Low-level implementation of scaled dot-product attention

import numpy as np
from scipy.special import softmax

###################

def scaled_dot_product_attention(query, key, value, mask=None):
    """
    Args:
        query: (batch_size, num_heads, seq_len_q, depth)
        key:   (batch_size, num_heads, seq_len_k, depth)
        value: (batch_size, num_heads, seq_len_k, depth_v)
        mask:  optional mask (look-ahead)
    """
    d_k = query.shape[-1] 

###################

    # Step 1 - Matmul: (Batch, Heads, Seq_Q, Seq_K)
    # transpose K to align dimensions for the dot product
    scores = np.matmul(query, key.transpose(0, 1, 3, 2))

    # Step 2 - Scaling
    scores = scores / np.sqrt(d_k)

    # Step 3 - Masking 
    # for autoregressive decoders
    if mask is not None:
        scores += (mask * -1e9)
        # technical note: this score setting assumes the mask is 1 where we
        # want to obscure and 0 where we want to keep. Usually libraries
        # (like PyTorch) use inverted boolean masks.
    
    # Step 4 - Softmax
    attention_weights = softmax(scores, axis=-1)
    # important technical note: The scipy.special.softmax function is safe, 
    # but if we were to implement it manually, we should subtract the 
    # maximum value (scores - np.max(scores)) to avoid exponential overflow. 
    # Using SciPy, this problem does not exist.

    # Step 5 - Output
    # weighted sum of values
    output = np.matmul(attention_weights, value)

    return output, attention_weights

###################

# dummy example
np.random.seed(2025)
seq_len, d_model = 4, 8
Q = np.random.rand(1, 1, seq_len, d_model)
K = np.random.rand(1, 1, seq_len, d_model)
V = np.random.rand(1, 1, seq_len, d_model)

output, weights = scaled_dot_product_attention(Q, K, V)
print(f"Output Shape: {output.shape}")

It is emphasized that masking is fundamental to avoid "data leakage". Indeed, during training, the token at time \(t\) must not be able to "see" the tokens \(t+1\).

4. The decoding dilemma and "hallucinations"

Once the probabilities (logits) are calculated, the model must select the next token.

4.1 Temperature (\(\tau\)) and Top-P

Temperature modifies the shape of the distribution before sampling:

$$P_i = \frac{\exp(z_i / \tau)}{\sum_j \exp(z_j / \tau)}$$

With \(\tau > 1\), the distribution flattens ("creativity" and hallucination risk). With \(\tau < 1\), the peaks are accentuated.

Top-P (nucleus sampling) selects the smallest set of tokens whose cumulative probability exceeds a threshold \(p\) (e.g., 0.9), dynamically adapting the pool of choices to the model's "confidence" in the current context.

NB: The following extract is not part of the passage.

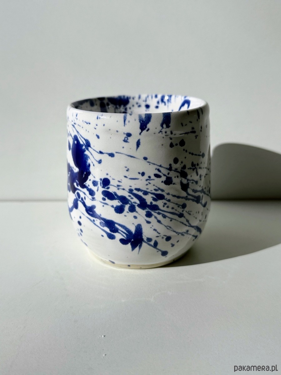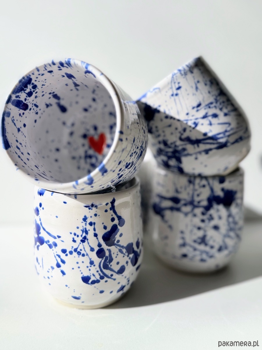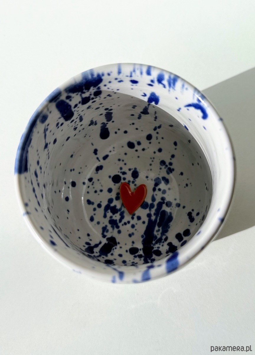 Czarka - baryłka, wykonana z jasnej gliny w podpoznańskiej pracowni. Pokryta białym szkliwem i ochlapana szkliwem granatowym kryje w środku niespodziankę - czerwone serduszko.

This prevents the dispersion of probabilities when the model is uncertain.

Hallucination is often statistical: the model samples from the "long tail" of the distribution or relies on learned patterns that do not correspond to factual reality (erroneous parametric knowledge).

5. Conclusions

LLMs are not knowledge databases, but probabilistic reasoning engines. Understanding the distinction between model weights (parametric knowledge) and the provided context (in-context knowledge) is essential. Future challenges focus on efficiency (e.g., quantization, pruning) and the integration of factual verification mechanisms to mitigate the stochastic nature of generation.